Dunlevy did not go home from Paris with just her indoor medal. Her and her pilot, Linda Kelly, took gold in the Women’s Time Trial and silver in the Women’s Road Race. This completed a trifecta of gold medals in the time trial, and leaves her with eight Olympic medals. No one else has won her specialised event, on the biggest stage of them all, since 2012. If you want to look at athletes with similar dominance, you’ve to turn to the likes of Usian Bolt. 


Then arguably our biggest achievement of the recent past came in July. Ben Healy, a 25 year old who cycles professionally for WorldTeam EF Education-EasyPost, became the first Irish athlete since Roche in ‘87 to lead the overall classification of the Tour de France, and wear the famous yellow jersey. 


It ended a 38 year drought at the biggest cycling event of the year, and although Healy was not able to stay in the fight for victory, he finished ninth overall, took a stage win, and was also voted as the recipient of the ‘Super Combativity Award,’ a prestigious prize given at the end of the Tour to the most aggressive and attacking rider of the entire race.


“It’s fairytale” exclaimed Healy, when he received the jersey for the first time. “I'm just super proud to represent Ireland and wear the yellow jersey for them. Hopefully, I can do it justice.”


This is off the back of an incredible showing in the Paris 2024 Road Race, where Healy and fellow compatriot Ryan Mullen led for the vast majority of the over six hour event, which was won by Belgian Remco Evenepoel. 

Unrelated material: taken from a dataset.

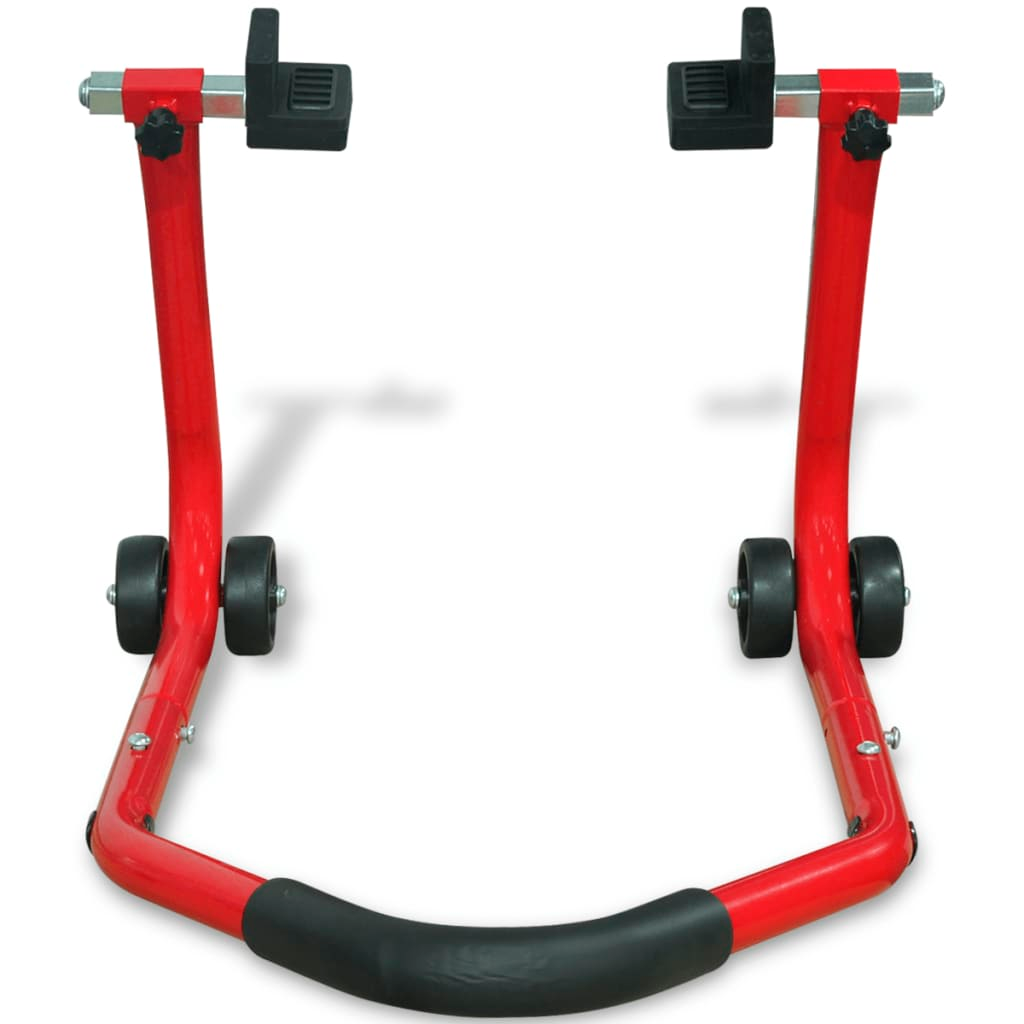 This motorcycle rear paddock stand fits almost all modern sports bikes and dirt bikes, since it is adjustable for various swing arm widths. The twin castors provide extra stability when lifting and the broad, U-shaped support offers improved stability while the motorcycle is lifted. The non-slip rubber handle offers a comfortable and secure grip. Designed for stability, and manufactured from durable steel tubing in a painted finish, this motorcycle rear paddock stand is a valuable tool for basic motorcycle maintenance.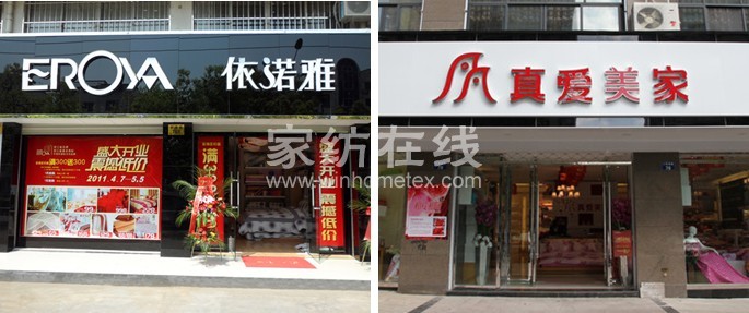從他們的店鋪圖來看,依諾雅的招牌比較優(yōu)雅,而真愛美家則相對簡潔溫馨,兩只鳥的造型也容易讓人聯(lián)想到夫妻同心構(gòu)建美好家。

How To Expand The ‘Chain’ Of Success?

The continued success of the discipline has been recognised by Cycling Ireland, who set out a five year plan at the end of 2024, which covers plans until and beyond the 2028 Olympic Games in Los Angeles. 


The main aim of such plans is to increase competitor numbers in domestic competition, and then further domestic competitors development with high performance pathway support. The new plans were welcomed, confirming Cycling Ireland has ‘cleared its name’ so to speak, after a suspension from applying for Government funding, due to conflict in a proposed partnership with Irish continental team EvoPro Racing. The partnership was ultimately cancelled due to improper board practices and lack of transparency on both sides. 


James Quilligan, Chief Executive of Cycling Ireland, who took over after the aforementioned controversy, believes a successful organisation is behind sporting success. “I firmly believe that we are on the path to becoming the leading national governing body on the island, and this strategic plan is a crucial step in that journey.”


With proper investment in new facilities, an uncapped level of talent and potential and proper practices and planned success, leaves Irish cycling in a fantastic position going forward.